__WHAT THE EXERCISE ASKS__
All of the data is to be set down again without alteration.

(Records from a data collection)
::::::

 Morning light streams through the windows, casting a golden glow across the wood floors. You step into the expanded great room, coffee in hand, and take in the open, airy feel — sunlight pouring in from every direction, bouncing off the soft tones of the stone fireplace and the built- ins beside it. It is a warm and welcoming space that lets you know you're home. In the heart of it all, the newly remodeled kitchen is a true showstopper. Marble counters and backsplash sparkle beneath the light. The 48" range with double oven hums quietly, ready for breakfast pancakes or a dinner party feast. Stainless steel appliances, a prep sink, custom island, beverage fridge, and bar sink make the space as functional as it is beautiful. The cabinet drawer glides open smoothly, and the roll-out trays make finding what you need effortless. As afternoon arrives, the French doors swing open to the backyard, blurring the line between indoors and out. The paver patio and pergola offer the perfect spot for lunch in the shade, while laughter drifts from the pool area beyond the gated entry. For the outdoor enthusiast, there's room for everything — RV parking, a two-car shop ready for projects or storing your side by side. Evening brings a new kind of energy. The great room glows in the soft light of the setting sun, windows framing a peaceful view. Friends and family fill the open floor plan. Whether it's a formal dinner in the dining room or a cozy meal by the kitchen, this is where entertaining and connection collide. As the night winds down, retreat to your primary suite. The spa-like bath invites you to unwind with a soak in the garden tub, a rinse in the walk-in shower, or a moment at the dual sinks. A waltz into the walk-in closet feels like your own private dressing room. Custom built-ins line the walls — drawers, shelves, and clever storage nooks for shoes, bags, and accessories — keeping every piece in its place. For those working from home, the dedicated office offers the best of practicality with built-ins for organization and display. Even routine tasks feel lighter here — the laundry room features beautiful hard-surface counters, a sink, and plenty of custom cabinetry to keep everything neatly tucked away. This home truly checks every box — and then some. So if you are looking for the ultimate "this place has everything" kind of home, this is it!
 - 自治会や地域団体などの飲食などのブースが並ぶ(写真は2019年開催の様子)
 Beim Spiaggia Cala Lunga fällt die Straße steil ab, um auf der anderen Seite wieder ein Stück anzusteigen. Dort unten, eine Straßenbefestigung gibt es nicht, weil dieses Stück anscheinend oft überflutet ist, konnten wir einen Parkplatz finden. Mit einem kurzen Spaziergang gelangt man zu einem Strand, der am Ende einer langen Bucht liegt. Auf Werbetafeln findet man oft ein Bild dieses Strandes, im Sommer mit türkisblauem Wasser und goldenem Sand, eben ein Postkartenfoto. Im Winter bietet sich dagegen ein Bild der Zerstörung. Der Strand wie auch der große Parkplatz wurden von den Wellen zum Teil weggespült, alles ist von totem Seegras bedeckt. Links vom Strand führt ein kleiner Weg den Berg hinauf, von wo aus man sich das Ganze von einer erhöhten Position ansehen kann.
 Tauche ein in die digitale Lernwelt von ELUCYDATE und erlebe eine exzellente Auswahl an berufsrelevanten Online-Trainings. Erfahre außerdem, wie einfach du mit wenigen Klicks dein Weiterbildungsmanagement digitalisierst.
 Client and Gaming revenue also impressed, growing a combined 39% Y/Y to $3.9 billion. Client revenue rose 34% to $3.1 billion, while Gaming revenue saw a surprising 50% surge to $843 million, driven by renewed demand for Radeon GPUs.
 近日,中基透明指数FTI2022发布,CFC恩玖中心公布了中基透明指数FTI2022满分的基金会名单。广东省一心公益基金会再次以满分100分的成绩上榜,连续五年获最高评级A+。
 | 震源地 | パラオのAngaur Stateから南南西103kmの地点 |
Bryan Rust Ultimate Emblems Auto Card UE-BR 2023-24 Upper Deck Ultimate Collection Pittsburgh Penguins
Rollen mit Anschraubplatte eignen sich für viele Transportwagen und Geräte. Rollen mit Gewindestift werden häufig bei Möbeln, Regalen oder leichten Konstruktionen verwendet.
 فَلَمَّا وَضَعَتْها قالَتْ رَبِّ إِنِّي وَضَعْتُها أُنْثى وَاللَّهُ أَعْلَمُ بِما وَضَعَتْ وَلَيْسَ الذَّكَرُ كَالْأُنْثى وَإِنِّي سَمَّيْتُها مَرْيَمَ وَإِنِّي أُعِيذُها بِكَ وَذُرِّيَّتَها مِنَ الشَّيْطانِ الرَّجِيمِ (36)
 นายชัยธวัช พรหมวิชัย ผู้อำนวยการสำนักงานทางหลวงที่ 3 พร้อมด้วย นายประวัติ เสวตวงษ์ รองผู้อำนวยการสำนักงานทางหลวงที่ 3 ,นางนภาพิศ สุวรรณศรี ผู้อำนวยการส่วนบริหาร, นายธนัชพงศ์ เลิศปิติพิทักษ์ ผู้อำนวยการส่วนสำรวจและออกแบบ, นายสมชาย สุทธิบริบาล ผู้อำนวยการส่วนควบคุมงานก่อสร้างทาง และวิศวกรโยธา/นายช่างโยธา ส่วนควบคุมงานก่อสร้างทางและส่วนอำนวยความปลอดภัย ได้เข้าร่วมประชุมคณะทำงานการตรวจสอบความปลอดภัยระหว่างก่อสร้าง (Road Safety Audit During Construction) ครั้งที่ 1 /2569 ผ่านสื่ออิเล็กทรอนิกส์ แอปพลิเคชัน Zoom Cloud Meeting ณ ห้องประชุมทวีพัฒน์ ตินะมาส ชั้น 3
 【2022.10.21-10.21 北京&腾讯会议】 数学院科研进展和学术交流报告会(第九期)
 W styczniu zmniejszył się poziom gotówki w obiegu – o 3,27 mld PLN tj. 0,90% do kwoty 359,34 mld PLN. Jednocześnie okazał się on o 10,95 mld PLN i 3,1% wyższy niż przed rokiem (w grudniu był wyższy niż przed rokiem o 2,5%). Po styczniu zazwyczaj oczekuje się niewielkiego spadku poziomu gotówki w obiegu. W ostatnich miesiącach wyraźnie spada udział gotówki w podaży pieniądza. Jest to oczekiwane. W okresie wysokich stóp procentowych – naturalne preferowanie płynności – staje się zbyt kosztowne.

::::::

__EXERCISE ANSWER__
 Morning light streams through the windows, casting a golden glow across the wood floors. You step into the expanded great room, coffee in hand, and take in the open, airy feel — sunlight pouring in from every direction, bouncing off the soft tones of the stone fireplace and the built- ins beside it. It is a warm and welcoming space that lets you know you're home. In the heart of it all, the newly remodeled kitchen is a true showstopper. Marble counters and backsplash sparkle beneath the light. The 48" range with double oven hums quietly, ready for breakfast pancakes or a dinner party feast. Stainless steel appliances, a prep sink, custom island, beverage fridge, and bar sink make the space as functional as it is beautiful. The cabinet drawer glides open smoothly, and the roll-out trays make finding what you need effortless. As afternoon arrives, the French doors swing open to the backyard, blurring the line between indoors and out. The paver patio and pergola offer the perfect spot for lunch in the shade, while laughter drifts from the pool area beyond the gated entry. For the outdoor enthusiast, there's room for everything — RV parking, a two-car shop ready for projects or storing your side by side. Evening brings a new kind of energy. The great room glows in the soft light of the setting sun, windows framing a peaceful view. Friends and family fill the open floor plan. Whether it's a formal dinner in the dining room or a cozy meal by the kitchen, this is where entertaining and connection collide. As the night winds down, retreat to your primary suite. The spa-like bath invites you to unwind with a soak in the garden tub, a rinse in the walk-in shower, or a moment at the dual sinks. A waltz into the walk-in closet feels like your own private dressing room. Custom built-ins line the walls — drawers, shelves, and clever storage nooks for shoes, bags, and accessories — keeping every piece in its place. For those working from home, the dedicated office offers the best of practicality with built-ins for organization and display. Even routine tasks feel lighter here — the laundry room features beautiful hard-surface counters, a sink, and plenty of custom cabinetry to keep everything neatly tucked away. This home truly checks every box — and then some. So if you are looking for the ultimate "this place has everything" kind of home, this is it!
 - 自治会や地域団体などの飲食などのブースが並ぶ(写真は2019年開催の様子)
 Beim Spiaggia Cala Lunga fällt die Straße steil ab, um auf der anderen Seite wieder ein Stück anzusteigen. Dort unten, eine Straßenbefestigung gibt es nicht, weil dieses Stück anscheinend oft überflutet ist, konnten wir einen Parkplatz finden. Mit einem kurzen Spaziergang gelangt man zu einem Strand, der am Ende einer langen Bucht liegt. Auf Werbetafeln findet man oft ein Bild dieses Strandes, im Sommer mit türkisblauem Wasser und goldenem Sand, eben ein Postkartenfoto. Im Winter bietet sich dagegen ein Bild der Zerstörung. Der Strand wie auch der große Parkplatz wurden von den Wellen zum Teil weggespült, alles ist von totem Seegras bedeckt. Links vom Strand führt ein kleiner Weg den Berg hinauf, von wo aus man sich das Ganze von einer erhöhten Position ansehen kann.
 Tauche ein in die digitale Lernwelt von ELUCYDATE und erlebe eine exzellente Auswahl an berufsrelevanten Online-Trainings. Erfahre außerdem, wie einfach du mit wenigen Klicks dein Weiterbildungsmanagement digitalisierst.
 Client and Gaming revenue also impressed, growing a combined 39% Y/Y to $3.9 billion. Client revenue rose 34% to $3.1 billion, while Gaming revenue saw a surprising 50% surge to $843 million, driven by renewed demand for Radeon GPUs.
 近日,中基透明指数FTI2022发布,CFC恩玖中心公布了中基透明指数FTI2022满分的基金会名单。广东省一心公益基金会再次以满分100分的成绩上榜,连续五年获最高评级A+。
 | 震源地 | パラオのAngaur Stateから南南西103kmの地点 |
Bryan Rust Ultimate Emblems Auto Card UE-BR 2023-24 Upper Deck Ultimate Collection Pittsburgh Penguins
Rollen mit Anschraubplatte eignen sich für viele Transportwagen und Geräte. Rollen mit Gewindestift werden häufig bei Möbeln, Regalen oder leichten Konstruktionen verwendet.
 فَلَمَّا وَضَعَتْها قالَتْ رَبِّ إِنِّي وَضَعْتُها أُنْثى وَاللَّهُ أَعْلَمُ بِما وَضَعَتْ وَلَيْسَ الذَّكَرُ كَالْأُنْثى وَإِنِّي سَمَّيْتُها مَرْيَمَ وَإِنِّي أُعِيذُها بِكَ وَذُرِّيَّتَها مِنَ الشَّيْطانِ الرَّجِيمِ (36)
 นายชัยธวัช พรหมวิชัย ผู้อำนวยการสำนักงานทางหลวงที่ 3 พร้อมด้วย นายประวัติ เสวตวงษ์ รองผู้อำนวยการสำนักงานทางหลวงที่ 3 ,นางนภาพิศ สุวรรณศรี ผู้อำนวยการส่วนบริหาร, นายธนัชพงศ์ เลิศปิติพิทักษ์ ผู้อำนวยการส่วนสำรวจและออกแบบ, นายสมชาย สุทธิบริบาล ผู้อำนวยการส่วนควบคุมงานก่อสร้างทาง และวิศวกรโยธา/นายช่างโยธา ส่วนควบคุมงานก่อสร้างทางและส่วนอำนวยความปลอดภัย ได้เข้าร่วมประชุมคณะทำงานการตรวจสอบความปลอดภัยระหว่างก่อสร้าง (Road Safety Audit During Construction) ครั้งที่ 1 /2569 ผ่านสื่ออิเล็กทรอนิกส์ แอปพลิเคชัน Zoom Cloud Meeting ณ ห้องประชุมทวีพัฒน์ ตินะมาส ชั้น 3
 【2022.10.21-10.21 北京&腾讯会议】 数学院科研进展和学术交流报告会(第九期)
 W styczniu zmniejszył się poziom gotówki w obiegu – o 3,27 mld PLN tj. 0,90% do kwoty 359,34 mld PLN. Jednocześnie okazał się on o 10,95 mld PLN i 3,1% wyższy niż przed rokiem (w grudniu był wyższy niż przed rokiem o 2,5%). Po styczniu zazwyczaj oczekuje się niewielkiego spadku poziomu gotówki w obiegu. W ostatnich miesiącach wyraźnie spada udział gotówki w podaży pieniądza. Jest to oczekiwane. W okresie wysokich stóp procentowych – naturalne preferowanie płynności – staje się zbyt kosztowne.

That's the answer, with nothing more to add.